Wednesday, July 27, 2005

One Down, Two to Go!

Good news, good news. On Monday the 25th, at around 4:30 pm EST I received my unofficial score for the NYSTCE CST 005 - a highly respectable passing grade. In fact the grade I received on the exam, assuming that it is marked in a logical way, was inline with the grades I've usually received on these kinds of tests.

My concerns about the essay question were totally unfounded as I received a perfect 3001 on it, without ever using the phrase "Spanish-American War". What I mean to say with all of this is that this test may be hard, but I don't think it is everything people have made it out to be. If you don't know conventional, dead-White-men, presidential, wars and battles, major political movement U.S. History you're dead in the water — that much is clear. However, a close and thoughtful reading of the Complete Idiot's Guide to American History solves this problem — I wouldn't bother reading about anything before Colonial America as there may only be one question on the First Nations of North America and it would likely be in the context of contact with Europeans.

Beyond that, the real challenge of the test is the same challenge you find with any big exam, which is to have the strength to get through it being as thoughtful and critical as possible over the course of the four hours. Also, it should be said that having to score 220 out of 300 to pass means you need to score at least a 75% on an admittedly tough test. This means that for people who made it through their social science courses pulling off 60s and low-70s will need to take their studying very very seriously.

I felt good when I left the exam room, and it was only when I got to the car and looked up Teddy Roosevelt that I started worrying about failing. The fact that I did as well as I felt I had walking out of the examination room tells me that this exam is not all it's pumped up to be. Being creative doesn't help on this exam, but a slow, critical approach to each question will equate to success. If I had failed this exam, it would have been the first time in my life where my feelings walking out were totally opposite to the final result, and that would have shaken me to the core. But the result I received yesterday confirms for me that this is all doable and worth only enough anxiety to get oneself in the right mindset for studying. Taking the CST lightly is a fool's game, but allowing it to cripple you with fear is just as foolish.

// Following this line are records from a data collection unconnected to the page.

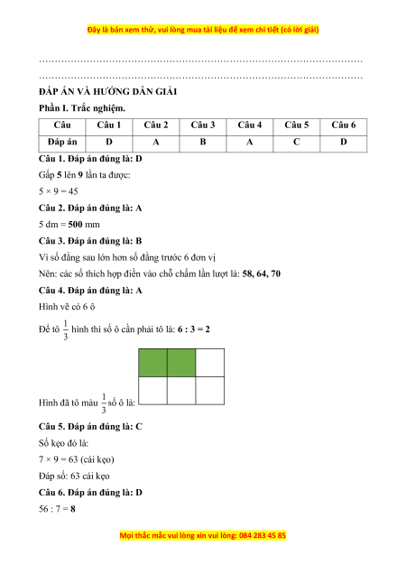 Câu 6. Đáp án đúng là: D 56 : 7 = 8
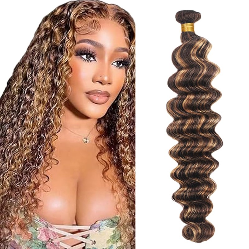 Zeslaerr P427 Highlight Brown Color Echthaar Perücke Bundles Human Hair Extensions Grade Unprocessed Virgin Menschliches Haar Deep Wave Bundles Minimal Shedding For Women 30 Inch
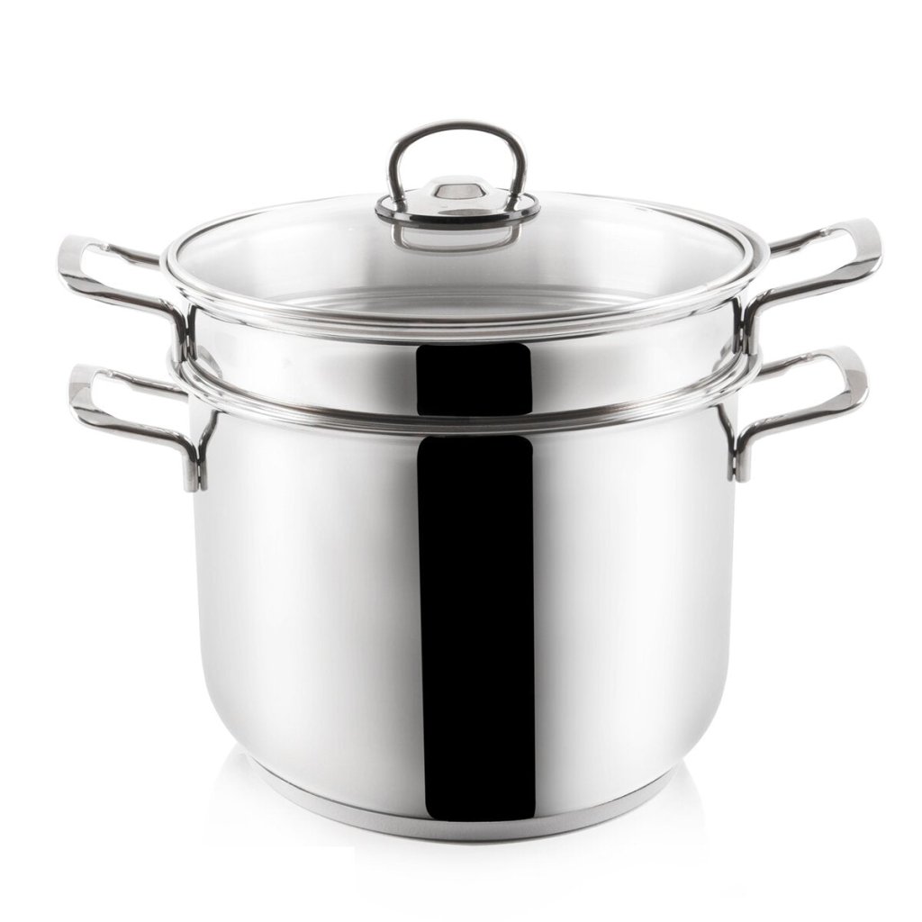 Tento hrniec ORION ANETT 6 l je ideálny na varenie cestovín, zeleniny, parenie knedlí aj prípravu ľahkých parených jedál. Jeho hlavnou výhodou je kombinácia klasického hrnca s hlbokou parnou vložkou, vďaka ktorej zvládne aj prípravu jedál v pare bez potreby špeciálneho parného hrnca. Sklenená pokrievka s otvorom umožňuje regulovaný odvod pary a priebežnú kontrolu varenia. Vďaka sendvičovému dnu je varenie rýchle, rovnomerné a energeticky úsporné. Tento model je nielen výkonný, ale aj odolný vďaka nerezovej oceli 304, ktorá je známa svojou kvalitou a dlhou životnosťou. Hrniec je univerzálne použiteľný na všetkých typoch varných plôch, vrátane indukcie.
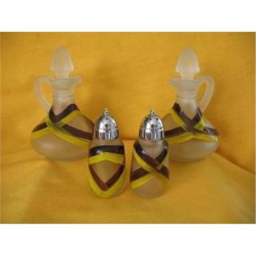 This wonderful hand painted cruet set with matching salt and pepper shakers are marked on the bottom: H with the A inside the bottom for the Hazel Atlas Company with the numbers 2-8 while the cruets just have the #12 on the bottom. <BR>The Hazel-Atlas Glass Company was a large producer of machine-molded glass containers headquartered in Wheeling, West Virginia. It was founded in 1902 in Washington, Pennsylvania as the merger of four companies:Hazel Glass and Metals Company, Atlas Glass Company, Wheeling Metal Plant and Republic Glass Company. By the 1930?s, Hazel-Atlas had fifteen plants and was the largest glass manufacturer in the world. It continued to make containers and tableware until the 1950s. In 1956, Hazel-Atlas, at that time the third largest producer of glass containers in the U.S., was acquired by the Continental Can Company. <BR>In frosted glass and handpainted with yellow and brown bands they are in very good condition, one of the frosted stoppers has an underside chip and the salt a cap is pealing, which I have shown in my pictures. The cruets measure 5 1/2 inches tall and 3 5/8 inches wide while the salt and pepper shaker measure 3 3/4 inches tall and 1 5/8 inches wide. If you look closely these are the original frosted stoppers on the cruets and not clear replacements which you see on many sets today. A wonderful addition to any table or Hazel Atlas Collection. <BR>SH & Ins. will be quoted after orders placed. If you have any questions contact me and thank you ...
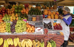 (250805) -- LIMA, 5 agosto, 2025 (Xinhua) -- Una vendedora de fruta espera por clientes en un puesto de un...
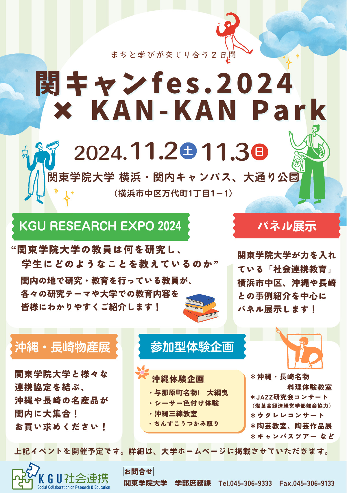 関東学院大学横浜・関内キャンパスは11月2日(土)と3日(日)に同キャンパスと大通り公園で「関キャンfes.2024 × KAN-KAN Park」を開催する。地域の「知の交流拠点」を目指す同大学。今回、「まちと学びが交じり合う2日間」として、大学の研究や教育活動を地域へ還元していく。
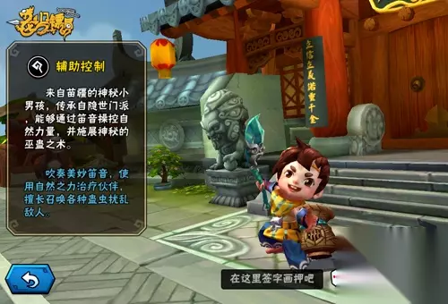 角色名称:正太 角色背景:来自苗疆,使用蛊术的小正太。 角色装备:幻音短笛 浩然衣 软藤履 桃木笄 角色技能: 1. 花飞蝶舞:释放数只彩蝶治愈队友的伤口,恢复部分生命值。 2. 千劫毒蜂:施放大量毒蜂持续攻击敌人,造成魔法伤害。 3. 魔龙金蛊:永久增加自身魔法攻击力。 4. 蟒枯朱蛤(大招):召唤一只巨型蟒枯朱蛤帮助战斗。
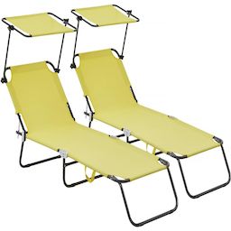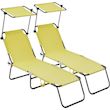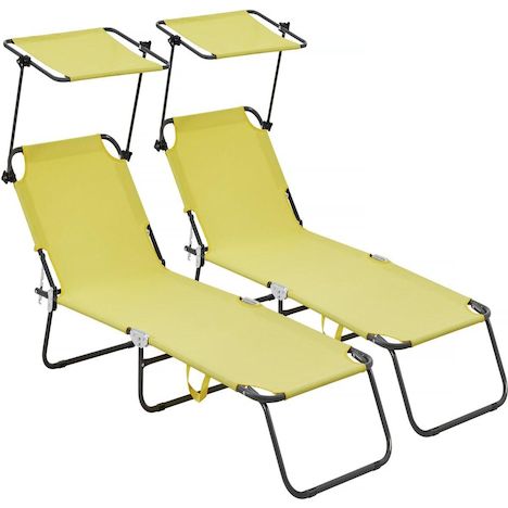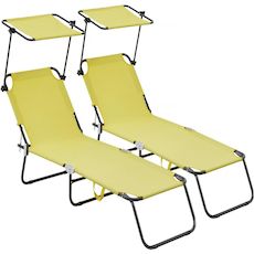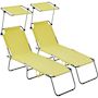 Lt de 2 bains de soleil pliable Lazy - Avec pare soleil - Jaune
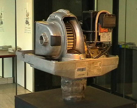 Das Klang-Objekt Corpus besteht aus einem stillgelegten Brenner, dem Herzstück einer Heizung. Thema dieser Arbeit: "Mensch und Maschine". Nähert man sich dem Klang-Objekt wird eine Klangkomposition per Sensor aktiviert. Sie besteht aus einer Collage von Originalton-Aufnahmen von Maschinen-, Herz- und Atmungsgeräuschen. Interaktiv kann der Betrachter zusätzlich den Motor durch einen Fußschalter in Bewegung setzen. Dadurch wird ein Rad, sichtbar im Innern der Maschine, geräuschvoll in Bewegung gesetzt. Dieses Rad erzeugt einen starken Windstrahl, der vom Betrachter auch körperlich wahrzunehmen ist. |
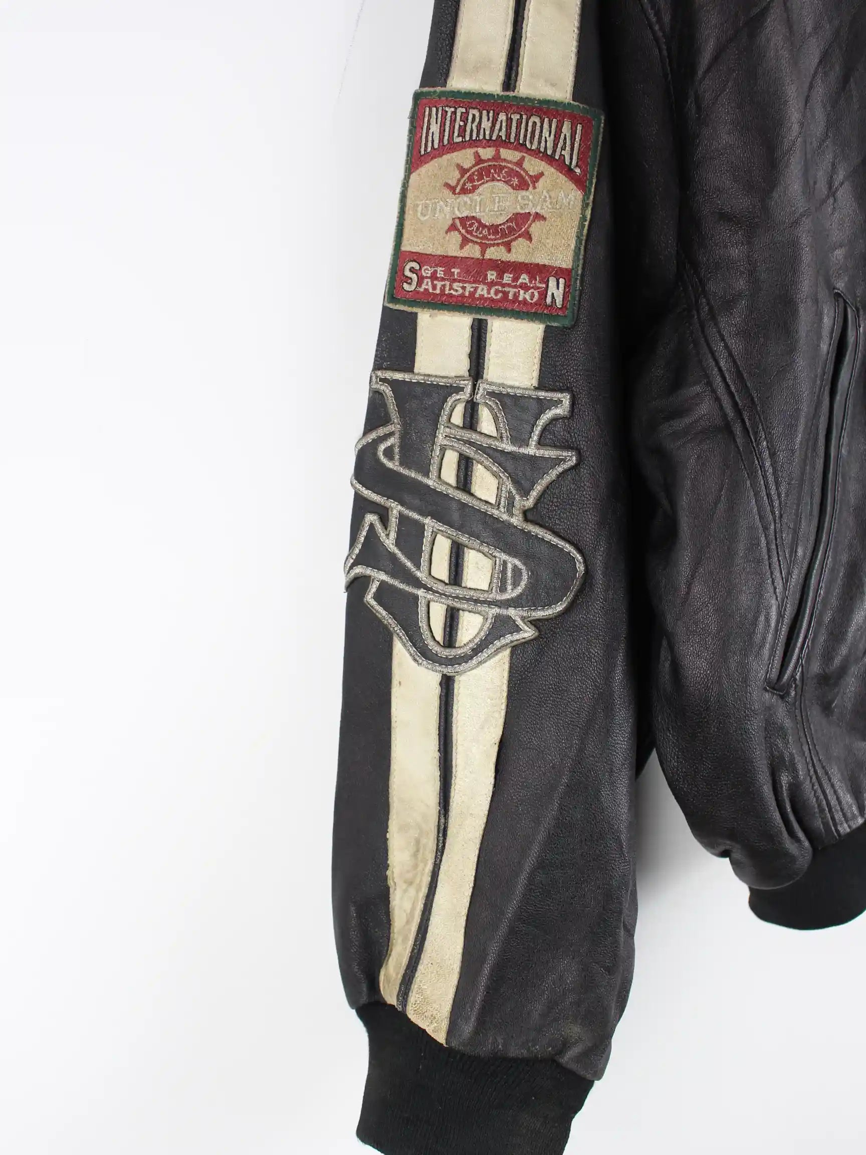 Uncle Sam 90s Vintage Leder Bomber Jacke Schwarz M
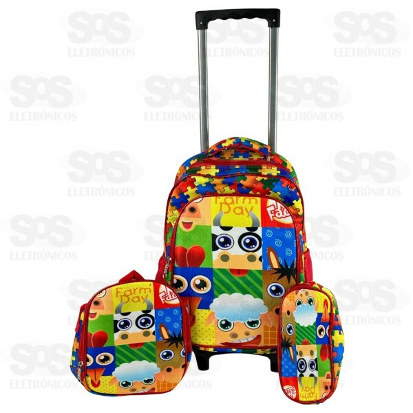 Mochila Infantil Com Estojo e Lancheira Fazendinha FUM243
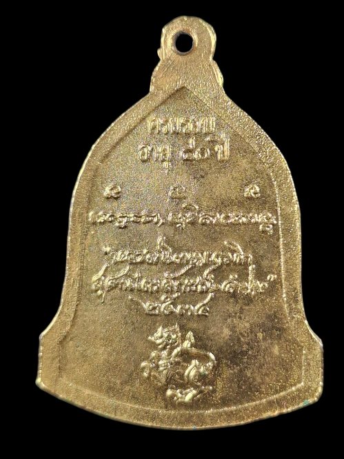 เหรียญระฆังหลังสิงห์ ที่ระลึกครบรอบ 80 ปี หลวงพ่อเกษม เขมโก เนื้อกะไหล่ทอง ปี 2534

So, now I have the Liberal Arts and Sciences (LAST) and the Assessment of Teaching Skills - Written (ATS-W), which I will be writing on August 20th. Writing eight hours of examinations will likely be killer, but I'm keen to get this all out of the way as quickly as possible. Once all three tests are written, the only tasks left to me are going to be my student teaching, receiving certification from the Ontario College of Teachers, and finally finding a job. I'm getting closer and closer and I couldn't be happier.

Finally, I received word from the TDSB and my first placement starting in September will be at Lanor Junior Middle School with a grade 8 class. Lanor is in my neighbourhood and from my googling it appears to be a very active and interesting school, and I'm particularly excited about working closely with pre-high school students for the first time. My second placement is yet to be determined but will be in a high school.


1 The fact that each of the five sections of the test are marked out of 300, and your final grade is also out of 300 goes a fair distance in demonstrating, for those outside of the process, how utterly bizarre this all is. There is no explanation for how the mark was arrived at, no description of how different sections were weighted, and absolutely no help in getting answers to these concerns — trust me I've looked into this extensively. If anyone out there has any more information than I do, I'd love to hear about it.